- - Awry ;;
agamemnoncrying:
By the time he’d blowdried his hair and clothes to satisfaction he was once again starving. Pretzels only went so far, unfortunately, and he was near to mouthwatering at the very idea of sitting down to a fancy meal. Would it be one of those long, drawn-out, fifteen-course style dinners? He hoped so.
When he stepped out, still combing his now-dry hair with the comb, trying to make the last of the conditioner longer. The hairband was around his wrist in easy reach. ”Decided on a spot?” he asked curiously, finally tossing his hair over his shoulder to tie it back. Out of the corner of his eye he managed to spot the pamphlets and notes on the desk in the corner and wandered over, bending to glance each of them over.

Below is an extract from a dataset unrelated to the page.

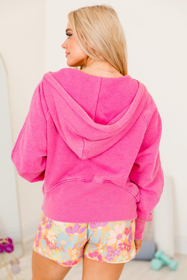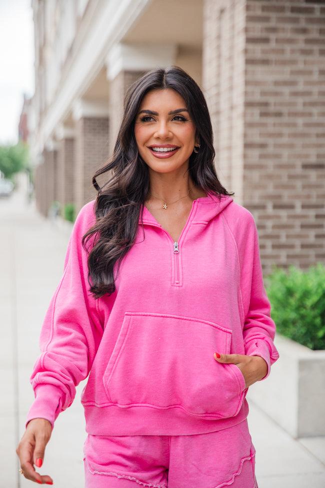 Details Pink Acid Washed Quarter Zip Pullover Relaxed fit Front pocket, zipper closure Pair this pullover with leggings and sneakers! Unlined Size small from shoulder to hem: 22.5" Material and Care 65% polyester 35% cotton Machine wash cold, tumble dry low Patterns may vary Materials may have natural variations Colors may vary from different viewing devices.
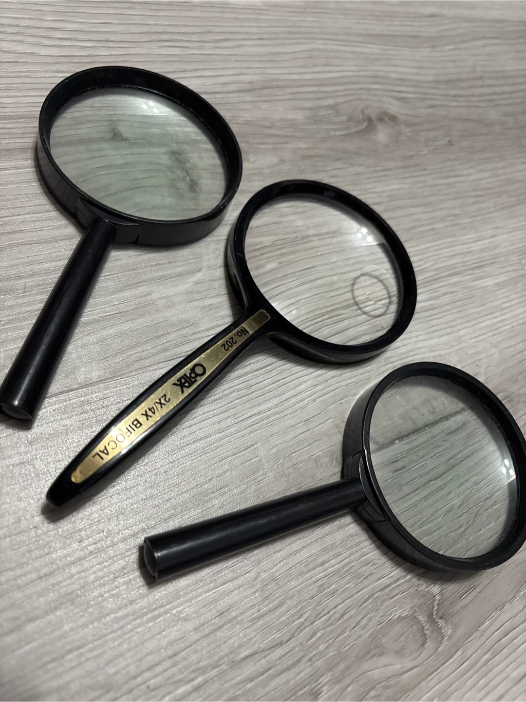 Three magnifying glasses are included. One is an Optex No. 202 model with bifocal lens. These are handy for reading small print or hobby work. Magnification is 2X and 4X.

After only a few moments he shrugged and picked up one of them, flicking it into the trashcan. Anything that advertised Award-winning veal and Filet mignon extraordinaire weren’t in his range of interest. After a moment he trashed another, glancing through it and finding not a single mention of anything without meat; besides, it advertised Dom Perignon, and he was not going to give Kyouya that particular opportunity.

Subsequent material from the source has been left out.